The European Thesaurus on International Relations and Area Studies (abbreviated: European Thesaurus) is a multilingual, interdisciplinary thesaurus covering the subject fields of International Relations and Area Studies. The European Thesaurus consists of about 8.200 descriptors organised in 24 subdomains. To enhance the access to the thesaurus’ controlled vocabulary the descriptors are arranged both alphabetically as well as systematically. The semantic relationships (equivalence, hierarchy, association) between all individual descriptors have been established. The European Thesaurus is intended to be used primarily in bibliographic databases for indexing and retrieval of professional literature from the relevant domains. The European Thesaurus can, in addition, even serve as a terminological reference work and/or as a translation tool in international affairs matters.
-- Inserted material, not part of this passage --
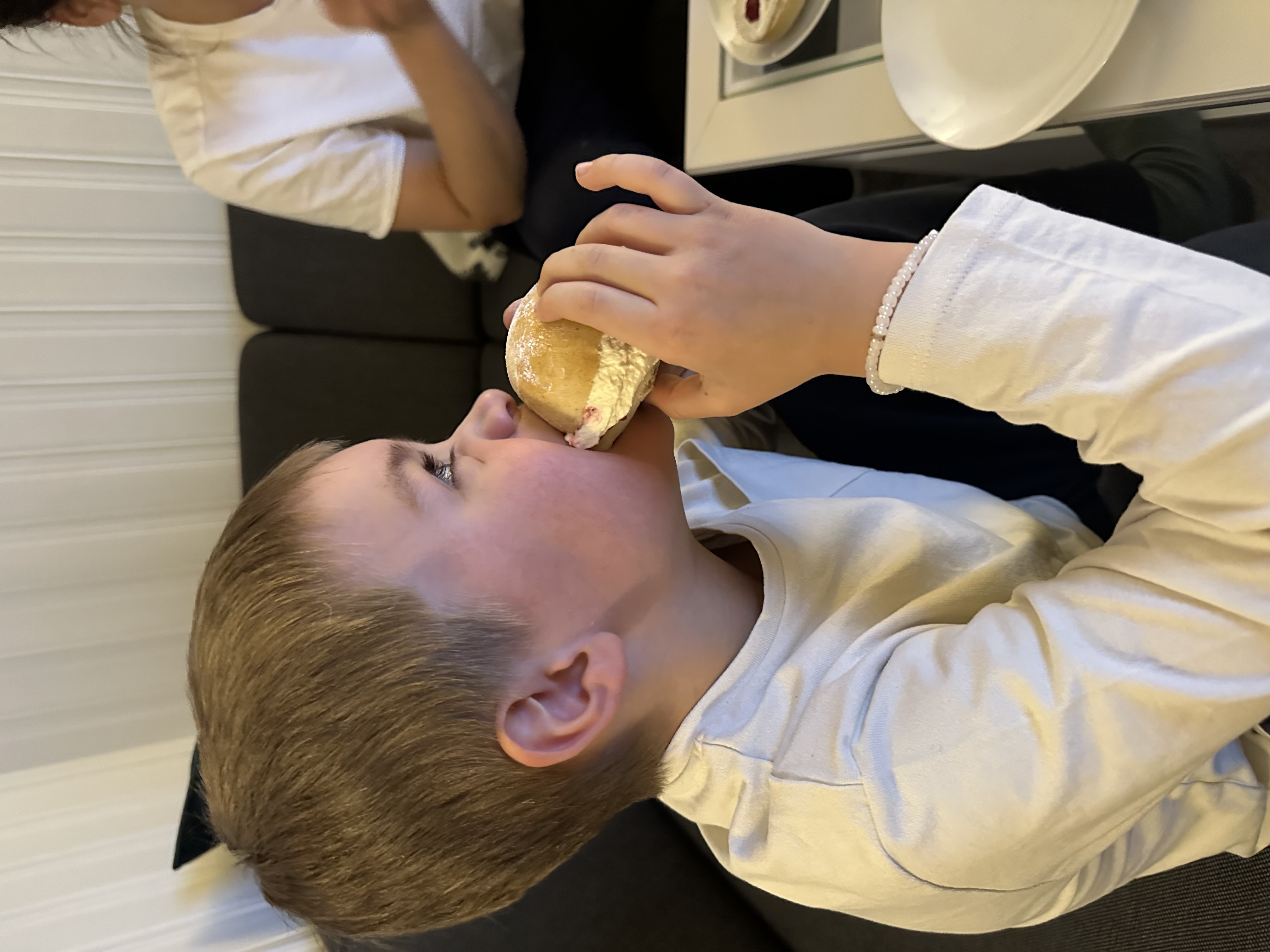 Søndag, og like kaldt, men vi hadde rennende vann i krana. Litt OL før jeg og Isak gikk ned til Nordover for karneval, maskeverksted og kino. Film; Håndbok for superhelter. Når vi kom hjem hadde Hanne laget fastelavnsboller til etter middag. Nå er stuebordet fult av krem og syltetøy. Siden vi har snakket mye om patenter, på runde tre grov Isak ut alt innholdet i bollene for å få plass til mer krem og syltetøy.

The European Thesaurus was developed by an international working group in the framework of a terminology cooperation project carried out by the European Information Network on International Relations and Area Studies (EINIRAS).

The European Thesaurus is available in nine languages: Croatian, Czech, English, French, German, Italian, Polish, Russian, Spanish. A Greek version is currently being translated.
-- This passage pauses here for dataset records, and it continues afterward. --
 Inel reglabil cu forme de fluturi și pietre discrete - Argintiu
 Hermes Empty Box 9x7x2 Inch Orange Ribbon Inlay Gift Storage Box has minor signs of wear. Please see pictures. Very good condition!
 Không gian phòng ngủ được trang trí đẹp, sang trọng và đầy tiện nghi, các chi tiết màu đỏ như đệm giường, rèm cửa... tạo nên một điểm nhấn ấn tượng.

At present the European Thesaurus is applied by academic organisations and research institutes in Germany  (German Information Network International Relations and Area Studies – database World Affairs Online –), the Czech Republic (Institute of International Relations Prague) and Poland (Polish Institute of International Affairs, Warsaw). The European Thesaurus is updated regularly.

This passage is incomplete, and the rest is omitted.